*** Records for the exercise ***

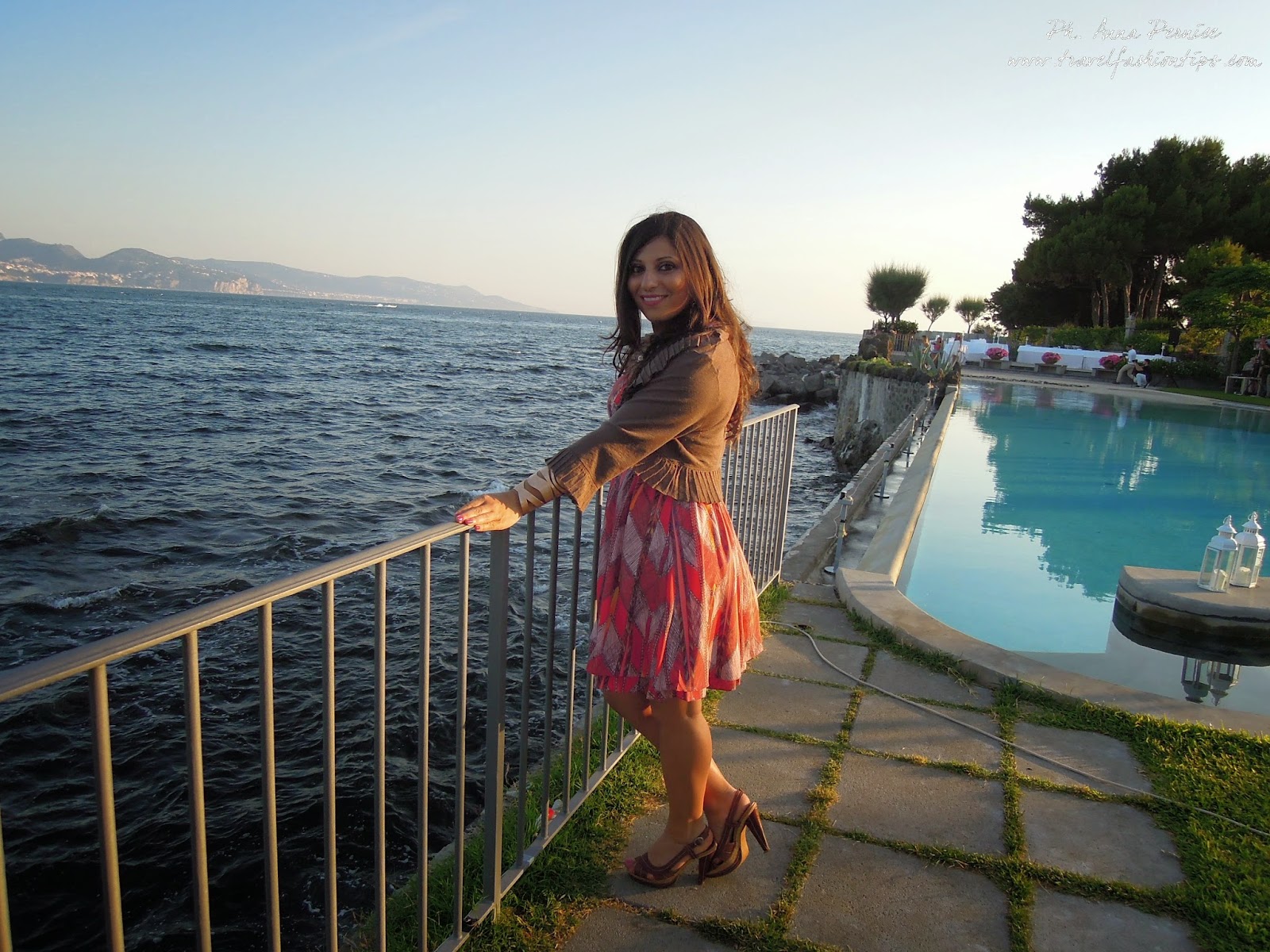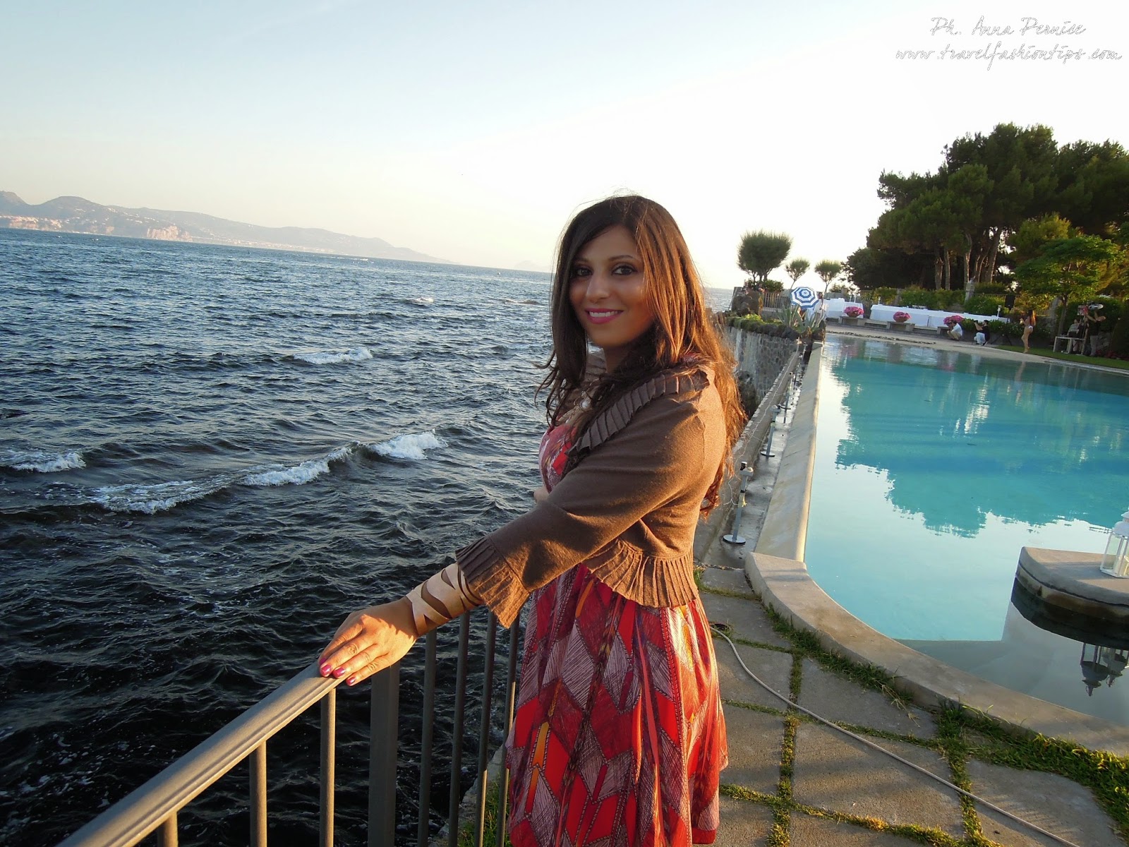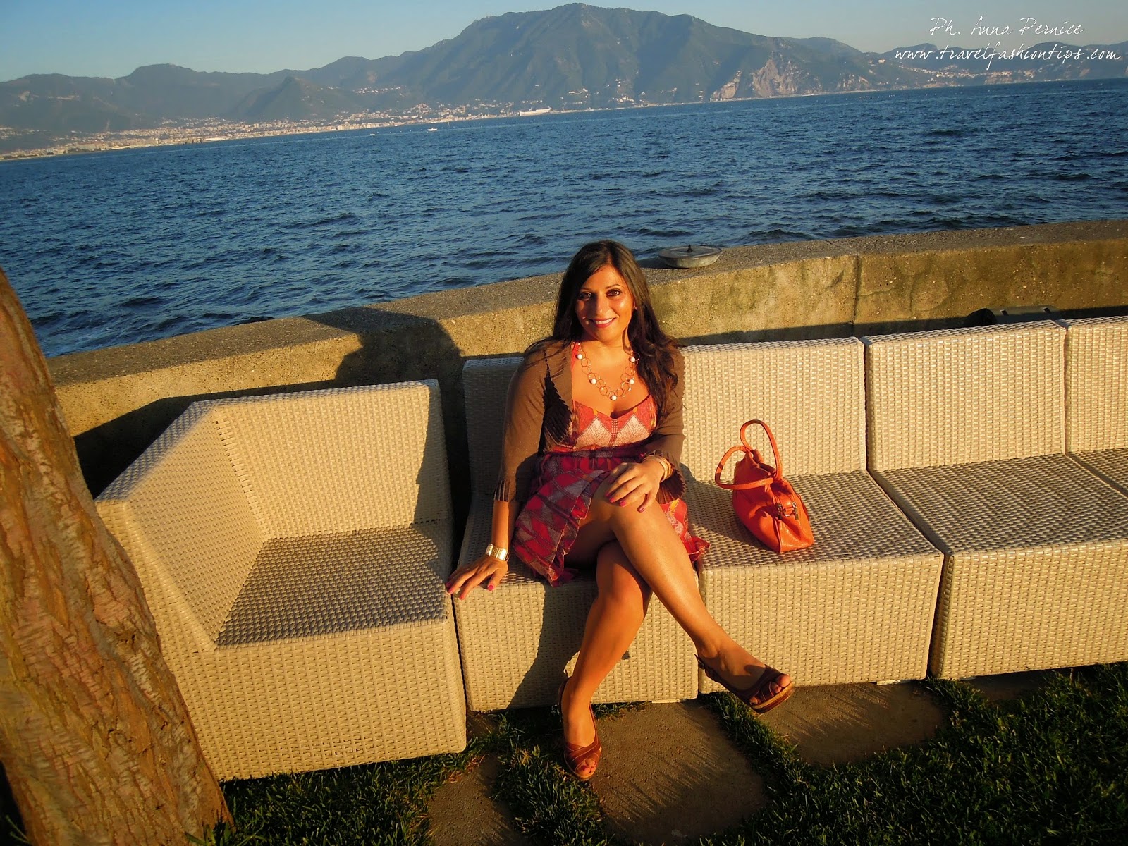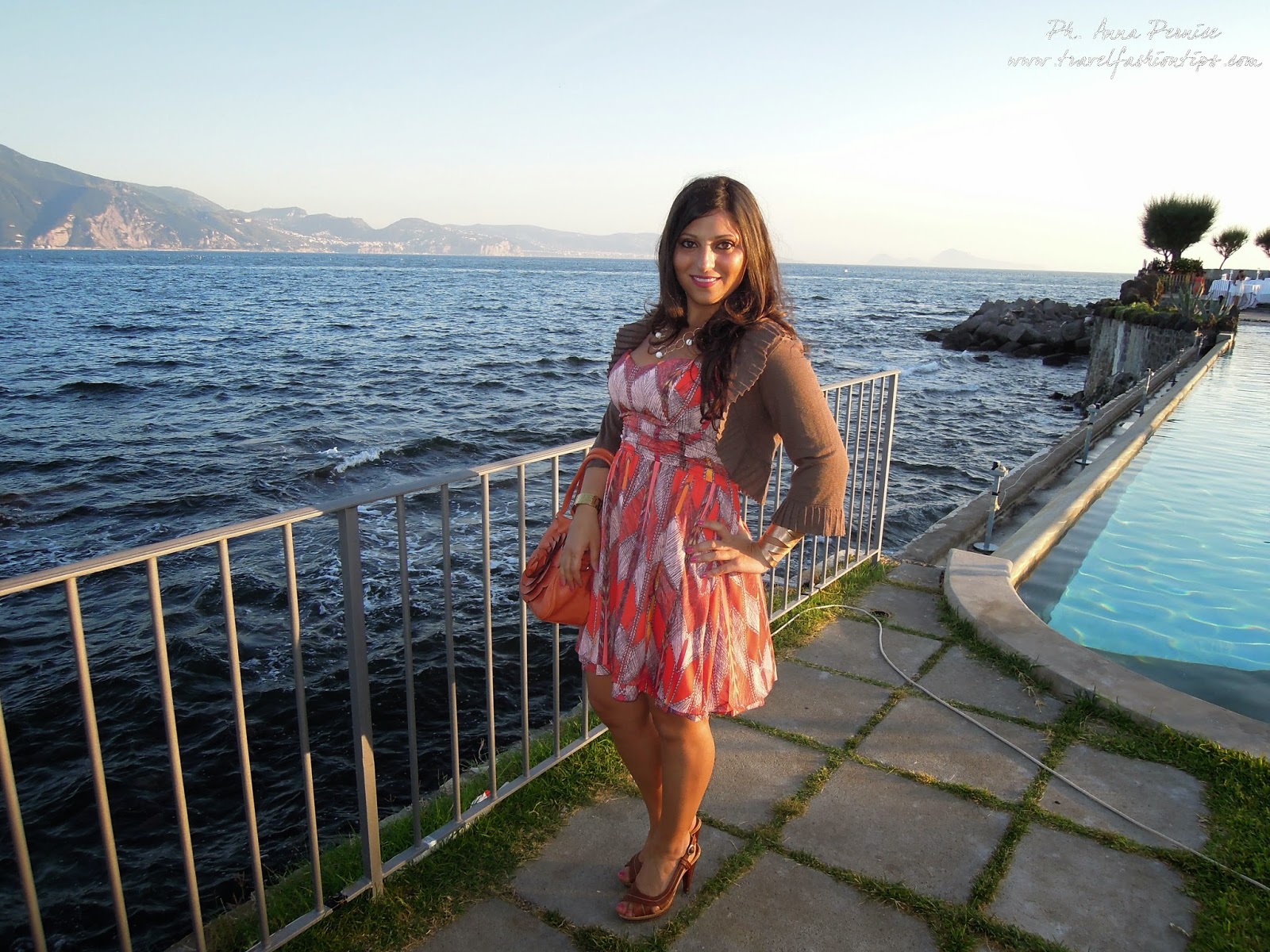 Ed ecco qui l’outfit che indossavo al Party di Mia Sposa Magazine che si è tenuto domenica scorsa a Villa Guarracino a Torre del Greco, una location elegante e lussuosa vicino al mare. Il party è iniziato nel pomeriggio ed ho quindi optato per un abitino corto al ginocchio con stampa azteca e sfumature arancio della Guess acquistato sul sito PiuStyle. L’ho abbinato a dei sandali in cuoio e borsa arancio con fiore. Temevo che in riva al mare ci fosse un pò di vento e quindi ho indossato un giacchino con manica a 3/4 Liu Jo.
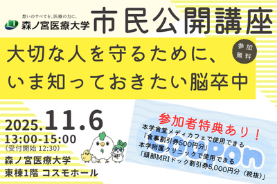 【11/6】脳卒中から大切な人を守るために…医療系総合大学が市民公開講座を開催(森ノ宮医療大学)
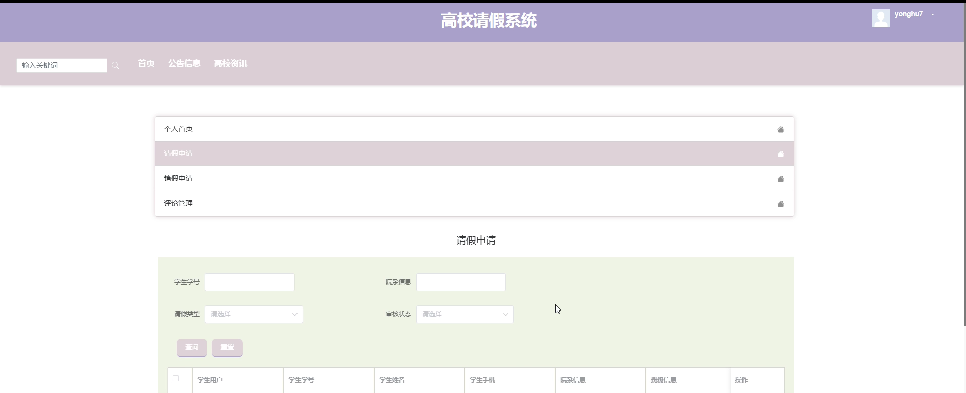 - 请假申请:院领导能够审查学生提交的请假申请,基于详细情况作出审批决定;
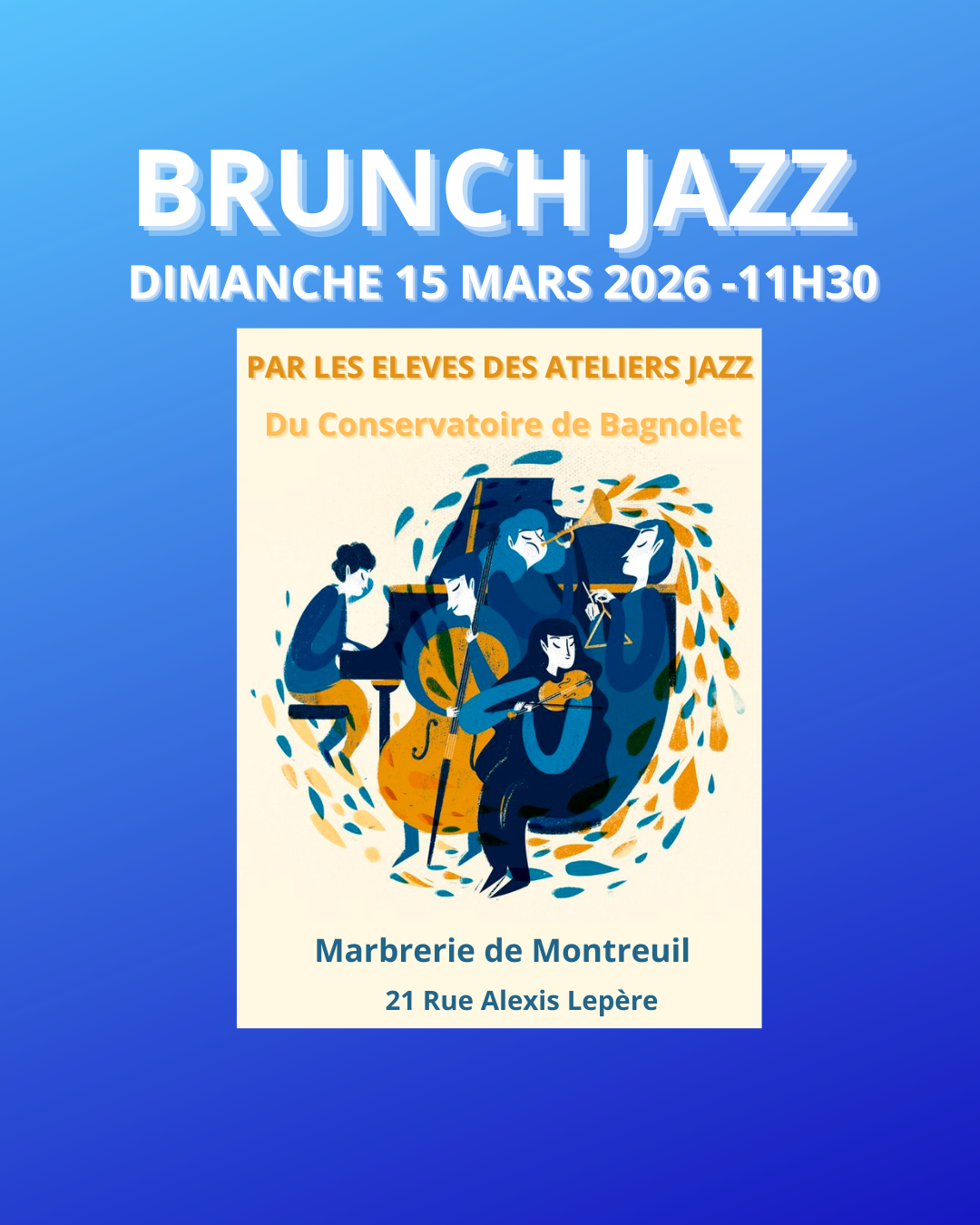 Dimanche 15 mars, le jazz sera de retour pour le brunch de la Marbrerie avec les ateliers du conservatoire de Bagnolet.
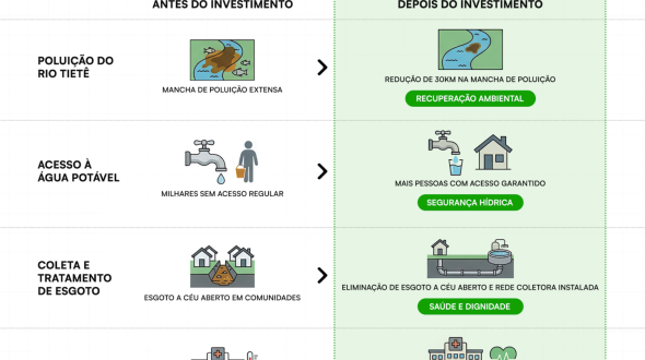 Assim como a família de Jeferson, milhões de famílias paulistas passaram a contar com serviços de saneamento básico desde a desestatização da Sabesp, em julho de 2024. Em 2025, a Companhia realizou investimento recorde de R$ 15,2 bilhões, frente aos R$ 6,9 bilhões do ano anterior, ampliando o acesso aos serviços, promovendo ganhos em saúde pública e contribuindo para a melhoria da qualidade de rios, córregos e praias.
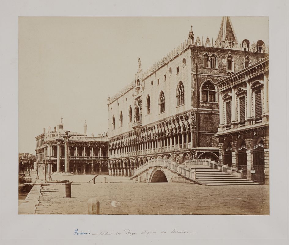 Albumina, mm. 225x284, applicata su cartone, mm. 338x492, entro uno schiaccio. Sul supporto, in basso al centro, a inchiostro blu e nero: "Venise: palais des Doges et quai des Esclavons". In alto a destra, a matita, annotazione a matita non coeva: "vers 1855". Stampa in ottimo stato. In passe-partout con coperta in cartone acid-free.
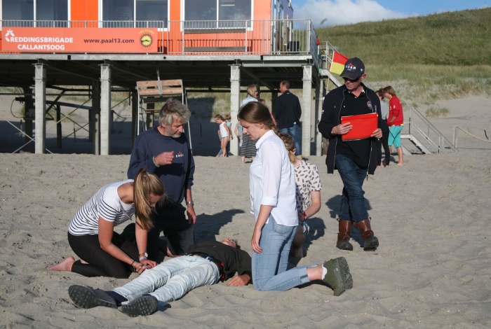 Een vinger die hevig bloedt, een kind die gebeten is door de bastaardsatijnrups, een verwarde mevrouw met een hoofdwond, een kitesurfer met een probleem aan zijn enkel en een bewusteloze jongen op het strand. Enkele scenario’s die werden nagespeeld tijdens de gezamenlijke EHBO oefening van de KNRM Callantsoog en Reddingsbrigade Callantsoog en Petten, waarbij het doel was om eerst een diagnose te stellen en daarna de correcte eerste hulp toe te passen. De vaardigheden van alle vrijwilligers werden getoetst en bijgespijkerd zo vlak voor de zomervakantie. Ruim 30 deelnemers, 5 lotus slachtoffers, 7 vrijwillige slachtoffers en 12 toezichthouders deden mee aan de oefening.
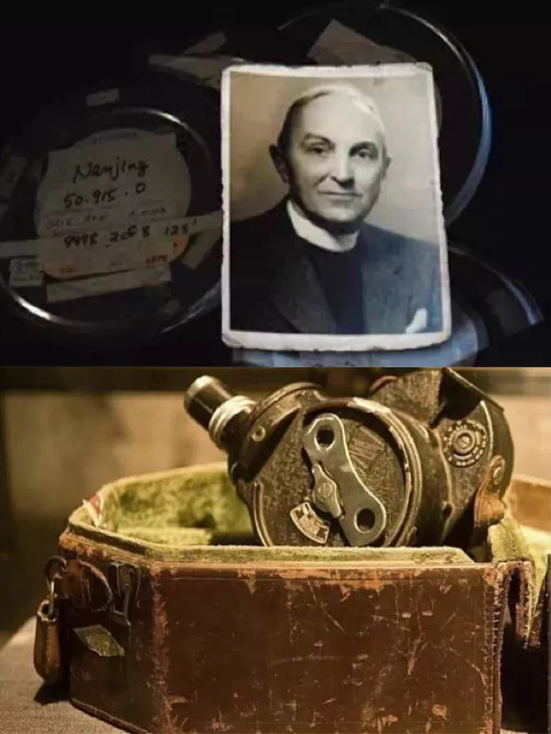 上图:1937年,爷爷约翰·马吉拍摄的夏淑琴家受害后的现场;下图:2018年,孙子克里斯·马吉与夏淑琴的合影
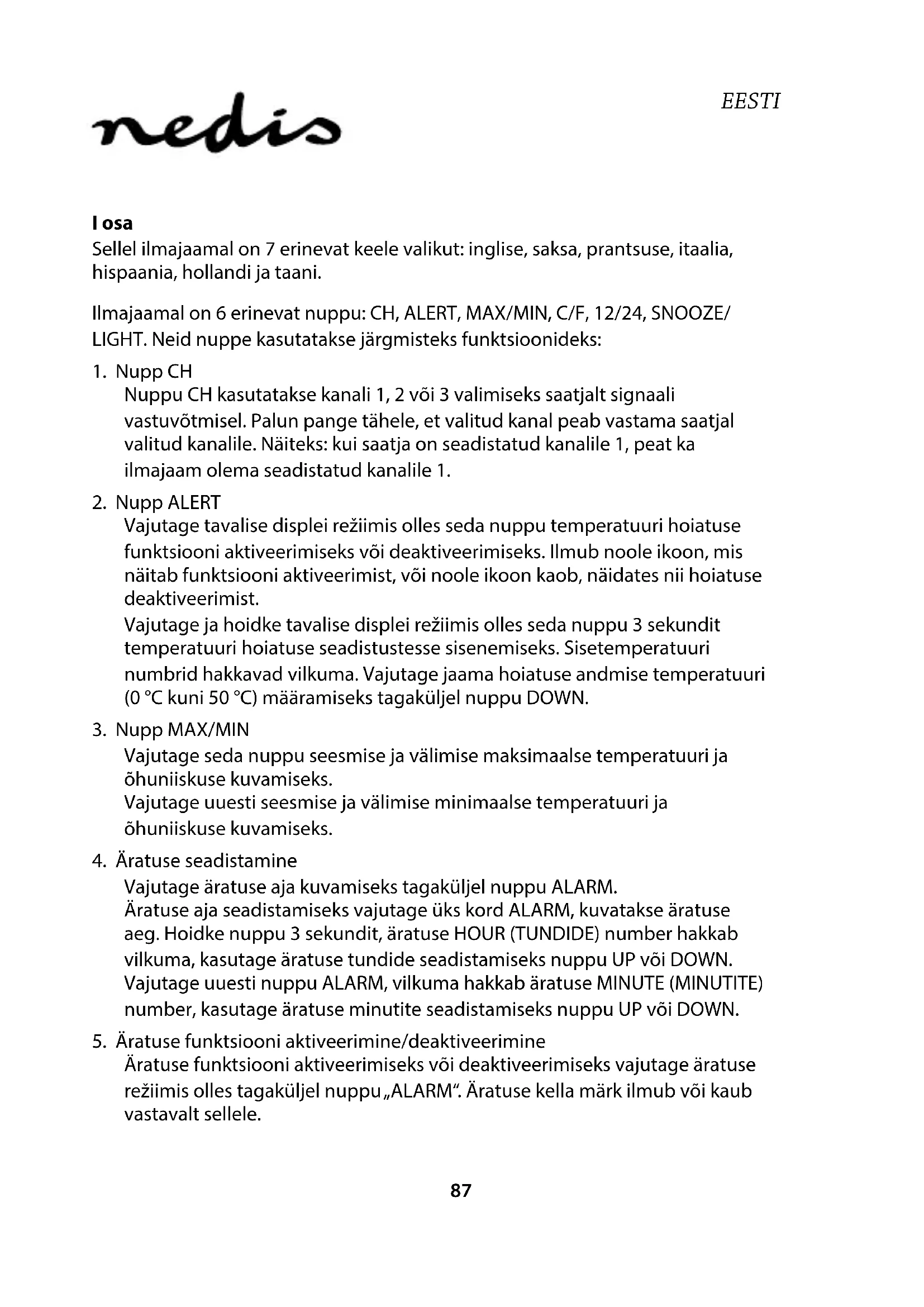I osa Sellel ilmajaamal on 7 erinevat keele valikut: inglise, saksa, prantsuse, itaalia, hispaania, hollandi ja taani. Ilmajaamal on 6 erinevat nuppu: CH, ALERT, MAX/MIN, C/F, 12/24, SNOOZE/ LIGHT. Neid nuppe kasutatakse järgmisteks funktsioonideks:
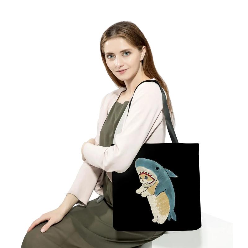 Description:This stylish tote bag features animal print designs, perfect for travel, shopping, or outdoor activities. Made of eco-friendly materials, it offers high capacity and durability.Features: Eco-friendly animal print tote bag for ladies Ideal for travel, shopping, or outdoor use High capacity and reusable design Features trendy shark and cat prints...

*** End of Records for the exercise ***

Activity:
Transcribe all lines above exactly, skipping pictures.

Result of this task:
 Ed ecco qui l’outfit che indossavo al Party di Mia Sposa Magazine che si è tenuto domenica scorsa a Villa Guarracino a Torre del Greco, una location elegante e lussuosa vicino al mare. Il party è iniziato nel pomeriggio ed ho quindi optato per un abitino corto al ginocchio con stampa azteca e sfumature arancio della Guess acquistato sul sito PiuStyle. L’ho abbinato a dei sandali in cuoio e borsa arancio con fiore. Temevo che in riva al mare ci fosse un pò di vento e quindi ho indossato un giacchino con manica a 3/4 Liu Jo.
 【11/6】脳卒中から大切な人を守るために…医療系総合大学が市民公開講座を開催(森ノ宮医療大学)
 - 请假申请:院领导能够审查学生提交的请假申请,基于详细情况作出审批决定;
 Dimanche 15 mars, le jazz sera de retour pour le brunch de la Marbrerie avec les ateliers du conservatoire de Bagnolet.
 Assim como a família de Jeferson, milhões de famílias paulistas passaram a contar com serviços de saneamento básico desde a desestatização da Sabesp, em julho de 2024. Em 2025, a Companhia realizou investimento recorde de R$ 15,2 bilhões, frente aos R$ 6,9 bilhões do ano anterior, ampliando o acesso aos serviços, promovendo ganhos em saúde pública e contribuindo para a melhoria da qualidade de rios, córregos e praias.
 Albumina, mm. 225x284, applicata su cartone, mm. 338x492, entro uno schiaccio. Sul supporto, in basso al centro, a inchiostro blu e nero: "Venise: palais des Doges et quai des Esclavons". In alto a destra, a matita, annotazione a matita non coeva: "vers 1855". Stampa in ottimo stato. In passe-partout con coperta in cartone acid-free.
 Een vinger die hevig bloedt, een kind die gebeten is door de bastaardsatijnrups, een verwarde mevrouw met een hoofdwond, een kitesurfer met een probleem aan zijn enkel en een bewusteloze jongen op het strand. Enkele scenario’s die werden nagespeeld tijdens de gezamenlijke EHBO oefening van de KNRM Callantsoog en Reddingsbrigade Callantsoog en Petten, waarbij het doel was om eerst een diagnose te stellen en daarna de correcte eerste hulp toe te passen. De vaardigheden van alle vrijwilligers werden getoetst en bijgespijkerd zo vlak voor de zomervakantie. Ruim 30 deelnemers, 5 lotus slachtoffers, 7 vrijwillige slachtoffers en 12 toezichthouders deden mee aan de oefening.
 上图:1937年,爷爷约翰·马吉拍摄的夏淑琴家受害后的现场;下图:2018年,孙子克里斯·马吉与夏淑琴的合影
I osa Sellel ilmajaamal on 7 erinevat keele valikut: inglise, saksa, prantsuse, itaalia, hispaania, hollandi ja taani. Ilmajaamal on 6 erinevat nuppu: CH, ALERT, MAX/MIN, C/F, 12/24, SNOOZE/ LIGHT. Neid nuppe kasutatakse järgmisteks funktsioonideks:
 Description:This stylish tote bag features animal print designs, perfect for travel, shopping, or outdoor activities. Made of eco-friendly materials, it offers high capacity and durability.Features: Eco-friendly animal print tote bag for ladies Ideal for travel, shopping, or outdoor use High capacity and reusable design Features trendy shark and cat prints...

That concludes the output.